Seismic response in the Valley of Mexico: a physical perspective from recent models and observations

Víctor M. Cruz-Atienza | Instituto de Geofísica, UNAM

26/05/2021 4:30 pm.


A common practice in the universe of theory is to develop models either for explaining available observations or solving previously postulated problems. However, several of the most important Scientific Revolutions of our era took place owing to seminal theoretical postulations.
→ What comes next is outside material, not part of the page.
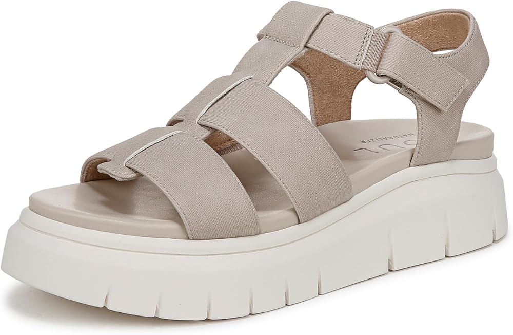 Sandals from SOUL Naturalizer // Sun. Sand. Sea. A lug sole adds utilitarian flare to your classic fisherman sandal. Flexible platform sandal with a sporty sole. Synthetic upper with recycled linings and an open toe. Adjustable hook-and-loop closure. ContourFIT technology: sculpted insole, soft foam lining, arch support with memory foam, lightweight and flexible outsole. 1 1/4 inch platform, 1 1/2 inch heel. Consciously packaged: 100% of our shoe boxes are made of 80% recycled paper + soy-based ink. Designed using some environmentally preferred materials. WHY YOU'LL LOVE IT: Forever elegant silhouettes with all day wearability, available in an inclusive range of sizes and widths. Designed to the contours of a woman's foot. The Beautiful Fit. Since 1927.

One need only cite the heliocentric conception of our solar system by Copernicus and Bruno in the Renaissance or the existence of gravitational waves postulated by Poincaré and Einstein at the beginning of the 20th century, as emblematic examples of disrruptive knowledge detached from pure theory that, to this day, guide the way we observe the Universe in search of data.
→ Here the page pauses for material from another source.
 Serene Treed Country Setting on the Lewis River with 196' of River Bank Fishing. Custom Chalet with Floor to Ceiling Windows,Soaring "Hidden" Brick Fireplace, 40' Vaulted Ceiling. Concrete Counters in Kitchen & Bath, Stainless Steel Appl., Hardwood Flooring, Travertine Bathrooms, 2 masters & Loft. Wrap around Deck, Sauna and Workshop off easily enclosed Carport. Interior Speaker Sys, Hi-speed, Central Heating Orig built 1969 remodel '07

The devastation of Mexico City caused by past earthquakes has raised many scientific questions in recent decades. Some have been satisfactorily answered by subsequent models and observations, such as the extraordinary amplification of seismic waves (the largest in the world on record) that can increase ground motion up to 500 times for some critical oscillation periods (for vulnerable structures) in the lake sediments on which much of the city sits. Besides the amplification, duration of intense ground motion in the lake-bed lasts more than three times those recorded in hard-rock a few kilometers away, a phenomenon that has been debated for decades without a plausible answer. In this work we explore the physical reasons explaining the spatial amplification pattern of the basin and the long-lasting motion by means of high-performance computational models and observations. We will show how theoretical predictions of the models led us to search for and find unprecedented seismological observations that support the physical mechanism we propose to solve the so-called "seismological paradox" of the valley, by which there is an apparent impossibility of sustained wave trains in the water-saturated and highly dissipative shallow clays of the lake sediments. The mechanism being the propagation of higher modes of surface waves in the deep and more consolidated layers of the basin. We will also discuss some aspects of the Mw7.1 earthquake of September 19, 2017, which killed 369 people and collapsed 44 one- to ten-story buildings, mostly located near the western edge of the lakebed sediments above the geotechnically known transition zone. Our model indicates that such a distinctive damage pattern (compared to 1985) is most likely due to the propagation of surface-wave fundamental modes generated at the basin edge due to the steep incidence of seismic waves enriched at high frequencies.